STORED DATA: Begin

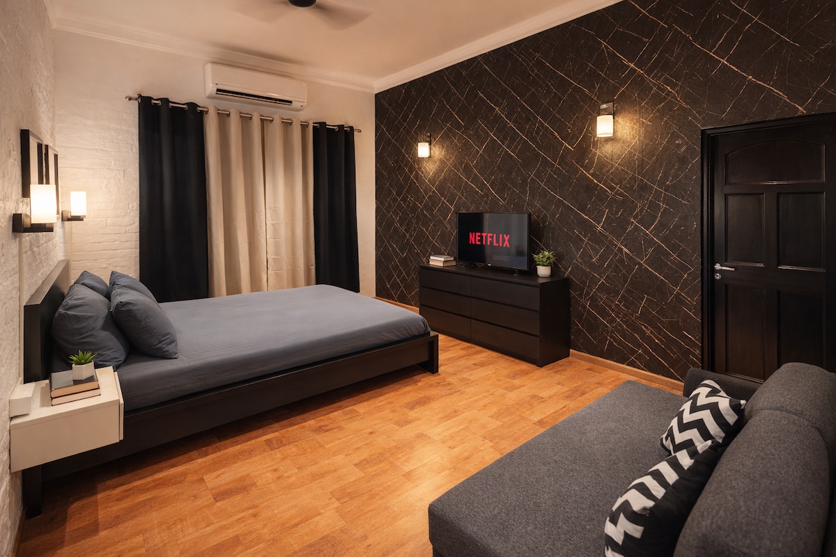 Ontsnap naar deze stijlvolle 1BHK, op slechts enkele minuten van Versova Beach! De ruimte met airconditioning beschikt over een comfortabel bed, een volledig uitgeruste keuken (koelkast, magnetron, basisvoorzieningen) en een gezellige woonkamer met een smart-tv. Geniet van warme verlichting (slingers, zachte lampen) voor een ontspannen sfeer, plus een wasmachine en 24/7 warm water. Op een steenworp afstand van het strand, cafés en lokale markten, is het perfect voor stellen of kleine gezinnen. Snelle wifi en schoon beddengoed inbegrepen voor een probleemloos verblijf!
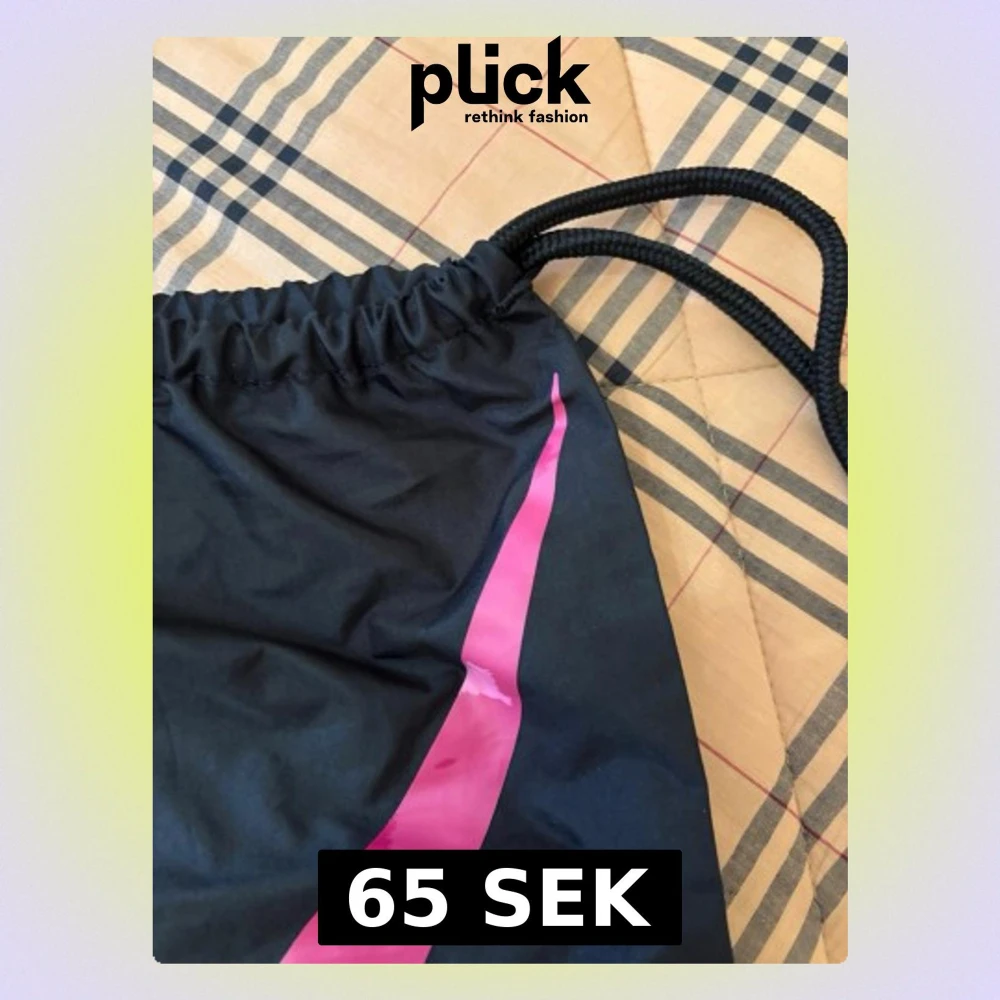 Säljer en svart gympåse från Nike med en stor rosa swoosh på framsidan. Väskan har praktiska snören för att enkelt kunna bäras på ryggen och är tillverkad i slitstark polyester. Perfekt för träning eller att ha med till skolan.
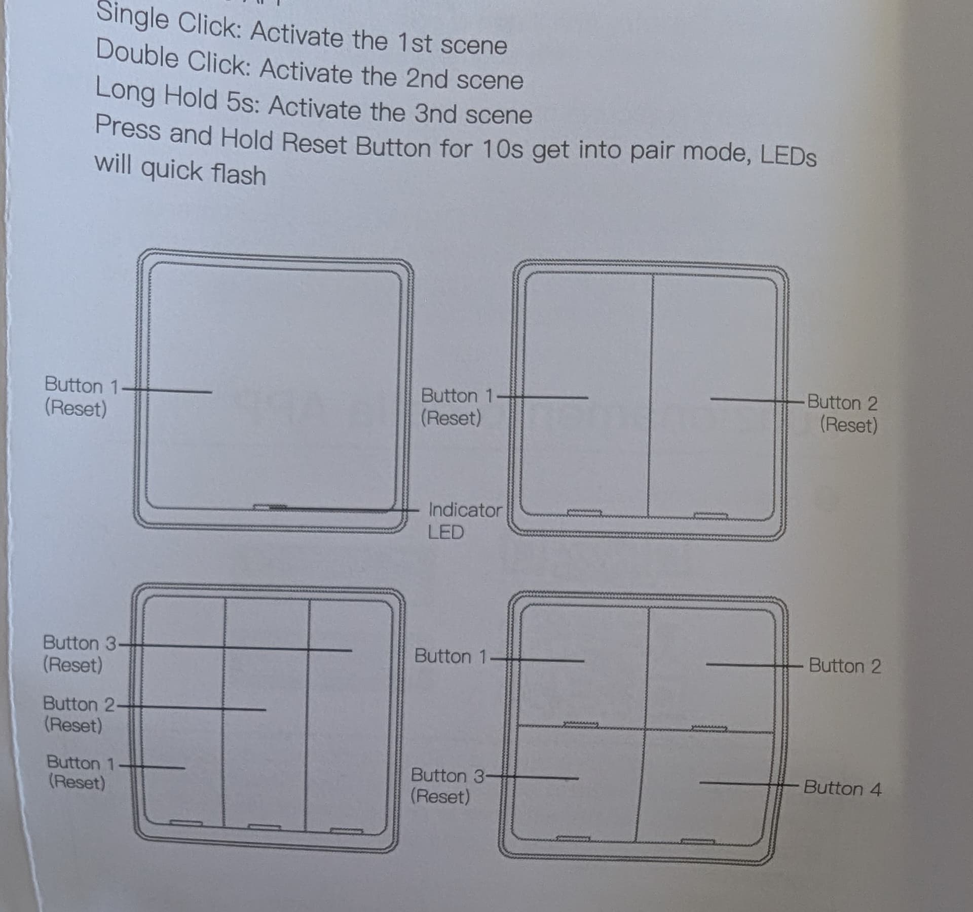 Is it correct that I should push 1 button for ten seconds and then they all start blinking together for like a minute, which indicates they should be pairable?

STORED DATA: End

- _WHAT YOU ARE ASKED TO DO_
Print out the material word for word, omitting the pictures.

- _EXPECTED OUTPUT_
 Ontsnap naar deze stijlvolle 1BHK, op slechts enkele minuten van Versova Beach! De ruimte met airconditioning beschikt over een comfortabel bed, een volledig uitgeruste keuken (koelkast, magnetron, basisvoorzieningen) en een gezellige woonkamer met een smart-tv. Geniet van warme verlichting (slingers, zachte lampen) voor een ontspannen sfeer, plus een wasmachine en 24/7 warm water. Op een steenworp afstand van het strand, cafés en lokale markten, is het perfect voor stellen of kleine gezinnen. Snelle wifi en schoon beddengoed inbegrepen voor een probleemloos verblijf!
 Säljer en svart gympåse från Nike med en stor rosa swoosh på framsidan. Väskan har praktiska snören för att enkelt kunna bäras på ryggen och är tillverkad i slitstark polyester. Perfekt för träning eller att ha med till skolan.
 Is it correct that I should push 1 button for ten seconds and then they all start blinking together for like a minute, which indicates they should be pairable?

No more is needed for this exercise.